There’s no evidence suggesting that Lydston integrated his appalling racial theories into his medical practice, and in any case testicular transplants as an age-reversing technique would soon fade into obsolescence. As John Nanninga, a retired physician in Winnetka, writes in his 2017 book The Gland Illusion: Early Attempts at Rejuvenation Through Male Hormone Therapy, multiple experts in the field ultimately concluded that much of the effect of a transplant was as a placebo: For recipients, the very thought that they could become young stallions again was enough to rekindle their sex drive. Nanninga implies that doctors like Lespinasse and Voronoff may have suspected this all along. “When patients noted decreasing memory, loss of vigor, and sexual lassitude at some point after the transplant,” Nanninga writes, “Voronoff encouraged them to have a repeat procedure. Those who were credulous enough and wealthy enough to afford his operation did so.”
Whatever the medical value of such transplants, the members of the press covering McCormick’s surgery seemed happy enough to play along. When the industrialist delivered himself to Paris two months after his operation to marry Walska, who had been installed in a chateau in the French countryside, he was described by one reporter as “a younger, gayer, more youthful, apparently indeed rejuvenated Harold McCormick.”

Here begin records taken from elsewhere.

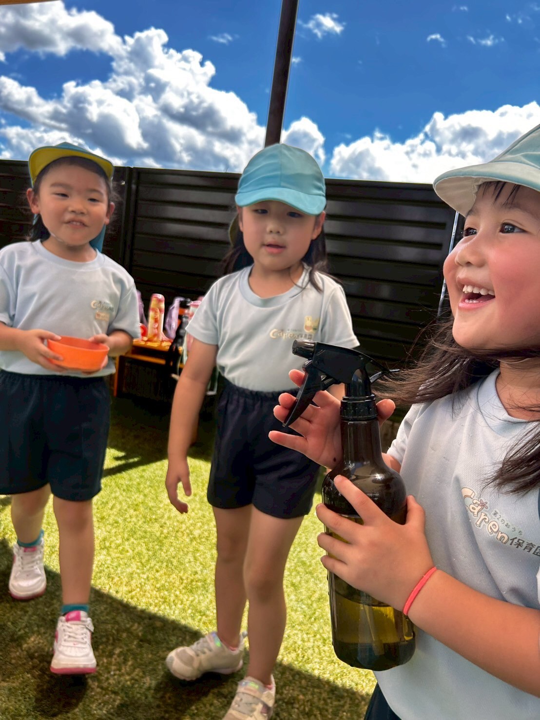 レッスンの後には短時間ですが、園庭で遊びました🌞とっても暑かったですが、やっぱり外遊びは気分がスッキリしますね💖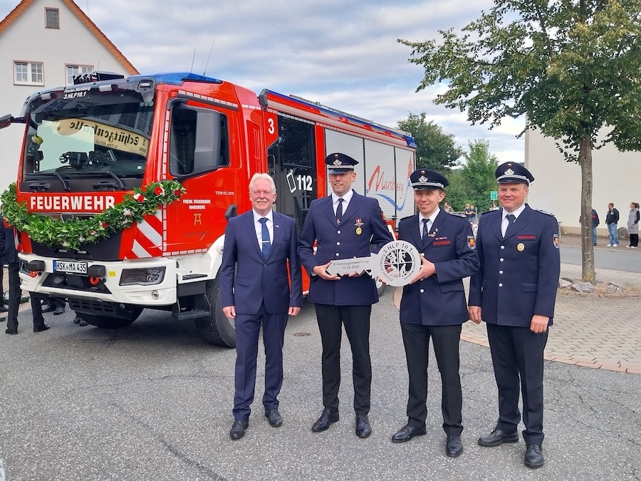 Im Anschluss übergab Bürgermeister Schröder den symbolischen Schlüssel an Wehrleiter Cyrill Stute, der ihn sodann an Löschgruppenführer Jörg Prior weitergab – damit war das Fahrzeug offiziell in Dienst gestellt. Prior schloss sich den Dankesworten an und ließ den Beschaffungsprozess kurz Revue passieren, der bereits 2019 durch das Projektteam begonnen habe. Nachdem Ende Mai 2025 das Fahrzeug vom Hersteller Rosenbauer abgeholt werden konnte, habe sich die Löschgruppe durch intensiven Übungsdienst und Schulungen mit dem Fahrzeug vertraut gemacht, sodass es seit August im Einsatzdienst steht. In diesem Zusammenhang dankte Prior Dachdeckermeister Thomas Dicke und der Firma Elektro Geise dafür, dass das Fahrzeug in deren Betriebshallen untergestellt werden konnte: Das neue Gerätehaus in Westheim befindet sich noch im Bau; aktuell rückt die Löschgruppe von der Firma Geise zu Einsätzen aus.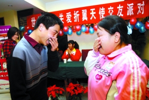 “如果感到幸福你就拍拍手。”31歲的盲人鋼琴調(diào)音師小陸羞澀地伸出手,與聾啞小伙郭川的手輕輕地握在一起。昨日,50余位殘疾人在勞動人民文化宮,集體相親。被稱為“袖珍公主”的吳小莉也前來相親。最后,她將寫著個(gè)人信息的紙條交給身高1.7米的陳先生。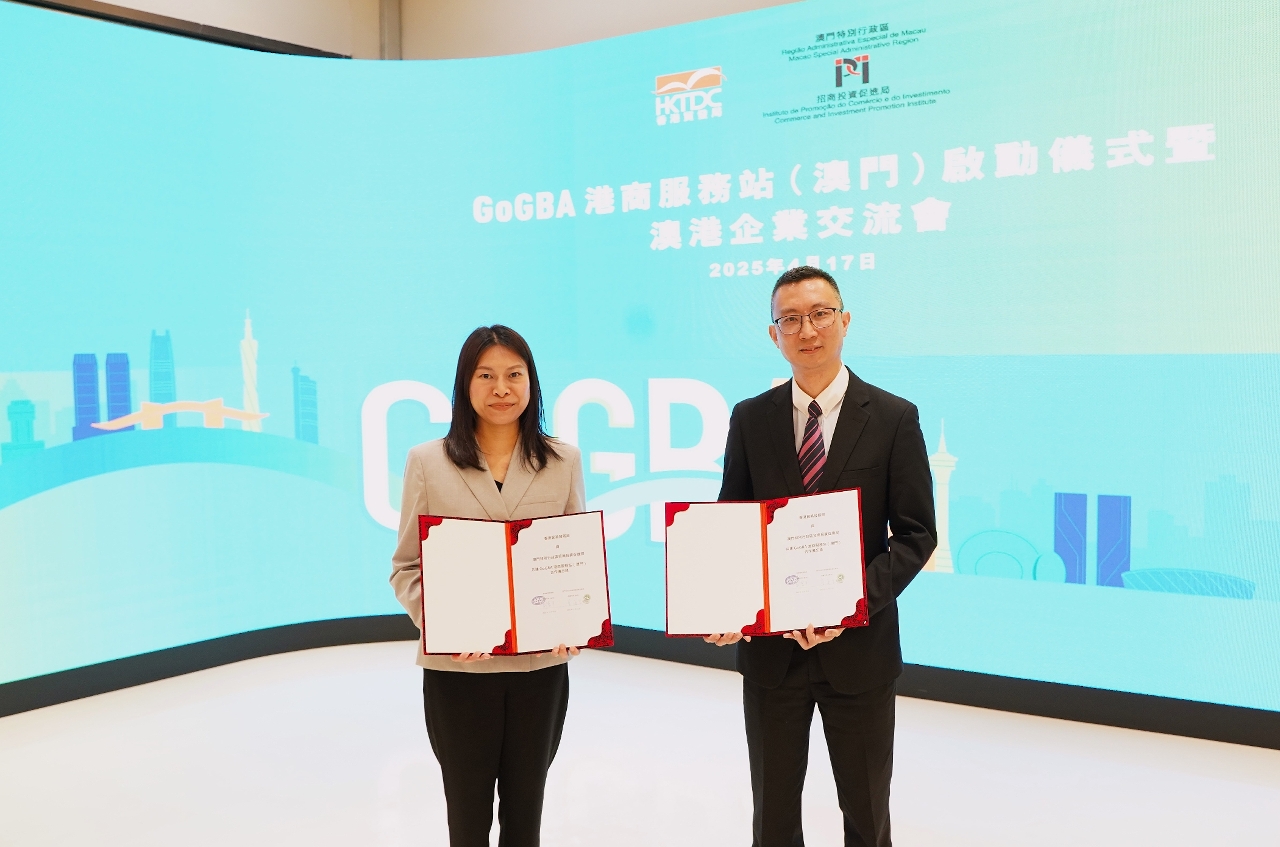 The GoGBA Hong Kong Service Station (Macao), jointly established by Macao Commerce and Investment Promotion Institute (IPIM) and Hong Kong Trade Development Council (HKTDC), hosted its inauguration and unveiling ceremony today (17th) at the China-PSCs Platform Complex in Macao. At the ceremony, representatives of both sides exchanged the “Memorandum of Cooperation on the Joint Construction of the GoGBA Hong Kong Service Station (Macao)”, aiming to provide enhanced support for Hong Kong businessmen seeking to venture into the Macao market. This initiative will further bolster the co-ordinated economic development within the Guangdong-Hong Kong-Macao Greater Bay Area.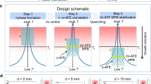 We grew 200-nm-thick epitaxial NNO films on the (111)-oriented Nb-doped STO (Nb-STO) single crystal substrates (Methods and Supplementary Fig. 2). Using the synchrotron-based X-ray diffraction (XRD), the NNO N and P phases show the (444)R and (048)O diffraction peaks (both are (222) in pseudocubic notation) around the (222) diffraction peak of the substrate (Supplementary Fig. 3). The pseudocubic coordinate system is used in the following discussions. We performed the reciprocal space mappings (RSMs) of the NNO/Nb-STO heterostructure (Fig. 2a). The (113) RSM indicates that N and P phases are epitaxially grown on the substrate in a coherently strained state. Combining with the other two independent RSMs of the (222) and (312) planes (Extended Data Fig. 2), these two phases show a rhombohedral and orthorhombic symmetry, respectively. The calculated lattice parameters are apc,N = 3.919 Å for the N phase and apc,P = 3.898 Å for the P phase using the reciprocal space vector method42. The N phase has a R3c structure and the P phase has a structure of Pbcm based on our diffraction data, consistent with previous studies36,43. Moreover, the estimated ratio of the N phase and P phase is about 1:3 (Supplementary Fig. 4). We conducted the XRD φ (Phi)-scans for the (113) peak of Nb-STO, NNO N and P phases to confirm the epitaxial relationship (Fig. 2b). The result shows the global three-fold symmetry of both N and P phases. Furthermore, our half-order diffraction scan results show that the sample contains all types of oxygen octahedral rotation behaviour (that is, \({a}^{\pm }{b}^{\pm }{c}^{\pm }\)) in Glazer’s notations (Extended Data Fig. 3), suggesting that the three-fold symmetry of the orthorhombic phase may be attributed to the arrangement of the structural domains. Figure 2c shows the XRD line scans of the quarter diffraction peaks of the P phase along the (H 1 1), (1 K 1) and (1 1 L). The appearance of (7/4 1 1), (1 7/4 1) and (1 1 7/4) diffraction peaks along three mutual orthogonal scans confirms the three-fold symmetry of arrangements of the P phase. Besides, the similar diffraction intensity of these quarter peaks implies that the domains have almost equal distribution along three directions. The quarter diffractions resulting from the antipolar displacement in the P phase and the three-fold symmetry caused by the P phase arrangement are also confirmed by RSMs (Extended Data Fig. 4). We scanned the surface morphology of the NNO film using an atomic force microscopy (AFM) (Fig. 2d). The NNO P phase (bright contrast) shows an accurate 120° angle relationship of domains from the top view, matching with the three-fold symmetry from the XRD data. It also indicates that the N phase (dark contrast) sits in between the P phase domains. Furthermore, the film has a smooth surface with a clear unit-cell terrace structure over an area of 1 × 1 μm2 and a root-mean-square (RMS) roughness of ~ 300 pm as shown in Fig. 2d (inset), indicating a high film quality.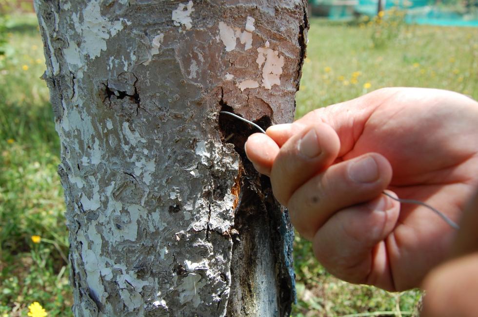 Ciao nick … ecco il mio rodilegno … L’anno scorso l’ho scavato da un melo grande (seconda foto). Quest’anno da un melo piantato nel autunno. Sul giovane melo ha fatto danni notevoli, ma sembra che si riprende … Comunque, funziona solo il fil di ferro … Allegato: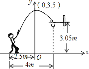 一位篮球运动员在距离篮圈中心水平距离4m处起跳投篮,球沿一条抛物线运动,当球运动的水平距离为2.5m时,达到最大高度3.5m,然后准确落入篮框内.已知篮圈中心距离地面高度为3.05m,在如图所示的平面直角坐标系中,下列说法正确的是( )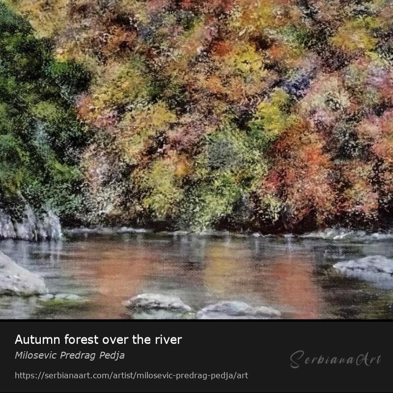 The picture shows an autumn landscape with a view of a calm river above which rises a hill covered with dense forest in warm autumn colors. The golden, orange, and red shades of the leaves create a rich contrast with the bluish tones of the water. Smaller rocks emerge on the surface of the river, adding natural dynamism and depth to the scene. The hill towering over the river conveys a sense of the strength and constancy of nature. The whole scene exudes the silence, warmth, and serenity of an autumn day.

The marriage ended in 1931. Twelve years later, after McCormick’s death, Walska published an autobiography titled Always Room at the Top. In it, she offered Lespinasse and his contemporaries what amounted to a backhanded endorsement: She wrote that while she’d hoped she and her husband could share a “divine companionship of the spiritual love,” after his surgery McCormick became “insatiable in his search for the realization of the physical.”